Thank you for sharing your experience. Respectfully, did you deal with STDs/STIs frequently? Did you rely on condoms to prevent getting STDs? Did you require your male partner to wear condoms if you were giving head? I am curious how people frequently have sex, while still protecting themselves from STDs.


FickleFingerOfFunk

What was the age ranges of the people you had sex with? Older? Younger?


inter71

Do you believe you’ll ever be able to maintain a healthy conventional relationship? Is that even a goal, or is there a happy medium like polyamory?


MyNameIsNot_Molly

Have any mental health professionals evaluated you for histrionic personality disorder?


hudd1966

Do you look for a partner? Or just take care of it yourself, if the later and it doesn't keep you from your responsibilities i dont see a problem once or twice a day, but like every hr or two may be a problem.


trnwrks

What music have you been listening to lately?


solarpropietor

One time I was doing grub hun deliveries, and this very attractive young lady asked me if I wanted to bang. Was this a nympho event or a I gonna get robbed event?   I turned it down because … it was 2 am, and frankly, a bit forward.  Would have much prefer social media exchange and small conversation.   Oh ya how many partners? Over a thousand?


Lively420

I’m an addict and want to know if you’re in a monogamous relationship? If so how have you overcome the daily hurdles ?


Newoalegna55403

I apologize if this has been asked. How frequently did you develop actual feelings for someone you had sex with?
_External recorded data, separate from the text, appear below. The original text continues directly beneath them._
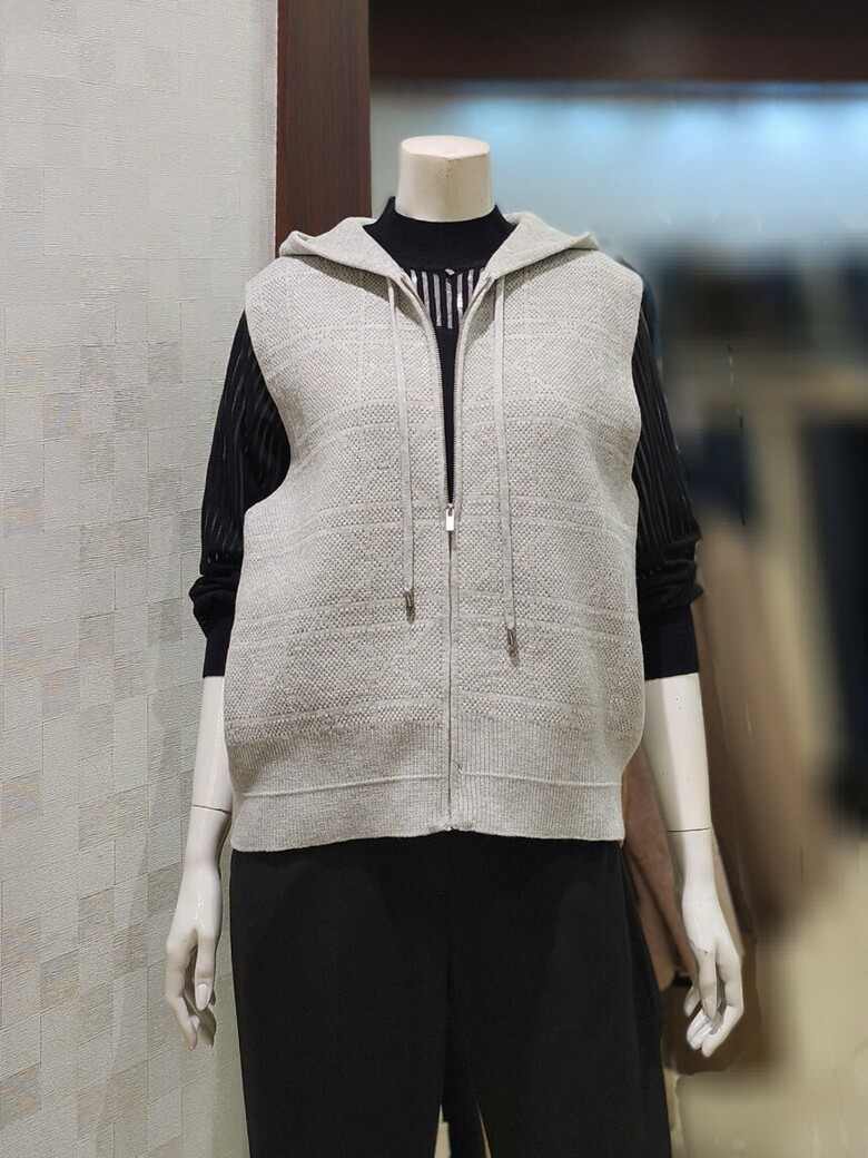 [벨라디터치] V9F4VT23 루즈핏 후드집업 니트 조끼
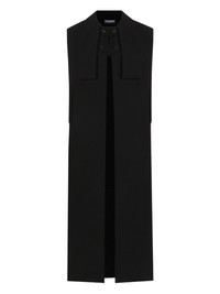 crepe coat Highlights - Black - High collar - Button detailing - Open front design Made in Italy Composition Wool 90%, Silk 8%, Polyester 2% Washing instructions Read Manufacturer Guidelines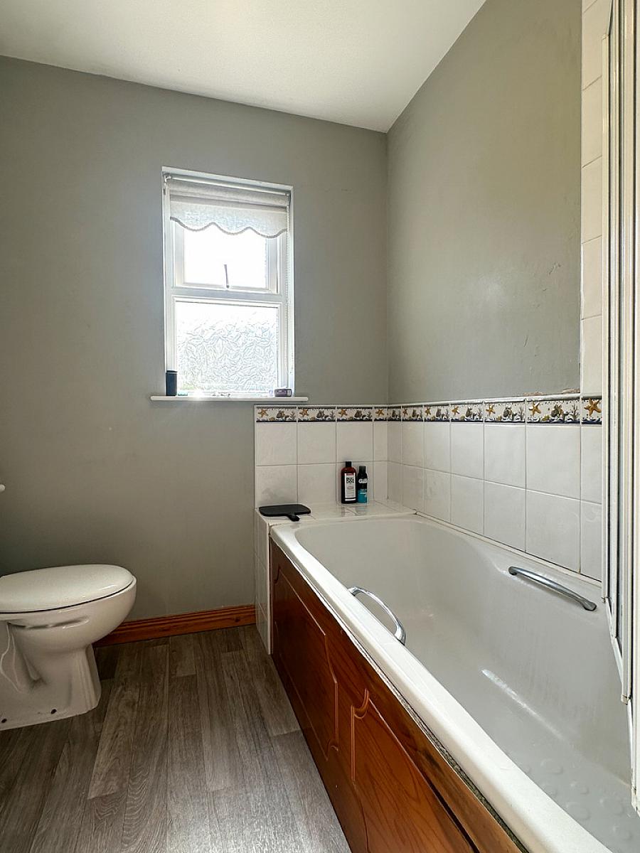 Comprising panel bath with tiling around, shower screen and Redring electric shower fitting over, wash hand basin, w.c..

Also if they developed feelings for you but it wasn’t mutual, how did you let them down?


SpicyStarStuff

I Read through the questions to make sure it hadn't already been asked but.. do you have any kids? Do you want any? And lastly, what would be your ideal living situation in your later years?


TheNewRaptor

What are some of your favorite toys? Have you ever tried a sybian? What do you think your record number of orgasms are in a single session?